● **ASSIGNMENT**
Print out the data that follows exactly, character for character, apart from the pictures.

● **DATA BLOCK**
┌────────
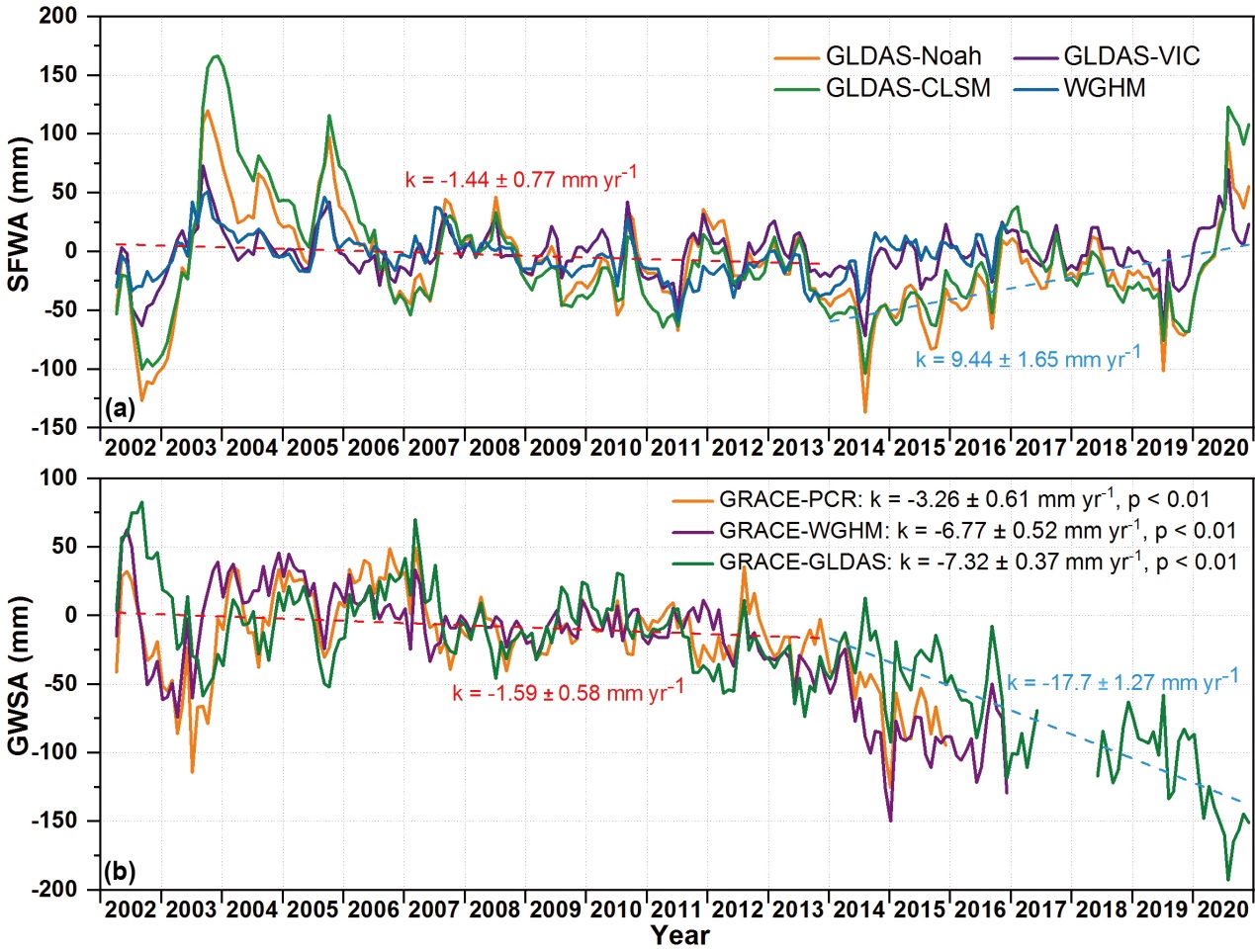 (2)调查了南水北调东线一期工程的实施分别对地表水和地下水的影响。研究基于水平衡原理利用GRACE数据、GLDAS(Noah、VIC和CLSM)陆地表面模型、WGHM及PCR-GLOBWB全球水文模型,调查了受水区地表水储量变化(SFWA)和地下水储量变化(GWSA)。结果表明,SFWA在调水后逐渐恢复,具体表现在2002年至2013年损耗率为-1.44±0.77mm/year,而在2014年至2020年增益率为9.44±1.65mm/year。相比之下,GWSA一直呈现下降趋势,在2002年至2013年损耗率为-1.59±0.58 mm/year,在2014年至2020年损耗率为-17.70±1.27 mm/year。
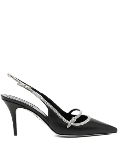 black crystal embellishment pointed toe slingback strap stiletto heel buckle fastening
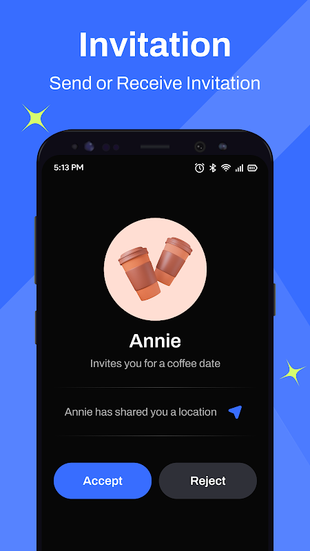 • ユーザーフレンドリーなインターフェイス: メイン画面で最大 10 件の連絡先を簡単に選択し、時間を指定して 1 回タップするだけで招待状 (コーヒーを飲む、ビーチに行くなど) を送信できます。
└────────
● **RESULT OF THE TASK**
 (2)调查了南水北调东线一期工程的实施分别对地表水和地下水的影响。研究基于水平衡原理利用GRACE数据、GLDAS(Noah、VIC和CLSM)陆地表面模型、WGHM及PCR-GLOBWB全球水文模型,调查了受水区地表水储量变化(SFWA)和地下水储量变化(GWSA)。结果表明,SFWA在调水后逐渐恢复,具体表现在2002年至2013年损耗率为-1.44±0.77mm/year,而在2014年至2020年增益率为9.44±1.65mm/year。相比之下,GWSA一直呈现下降趋势,在2002年至2013年损耗率为-1.59±0.58 mm/year,在2014年至2020年损耗率为-17.70±1.27 mm/year。
 black crystal embellishment pointed toe slingback strap stiletto heel buckle fastening
 • ユーザーフレンドリーなインターフェイス: メイン画面で最大 10 件の連絡先を簡単に選択し、時間を指定して 1 回タップするだけで招待状 (コーヒーを飲む、ビーチに行くなど) を送信できます。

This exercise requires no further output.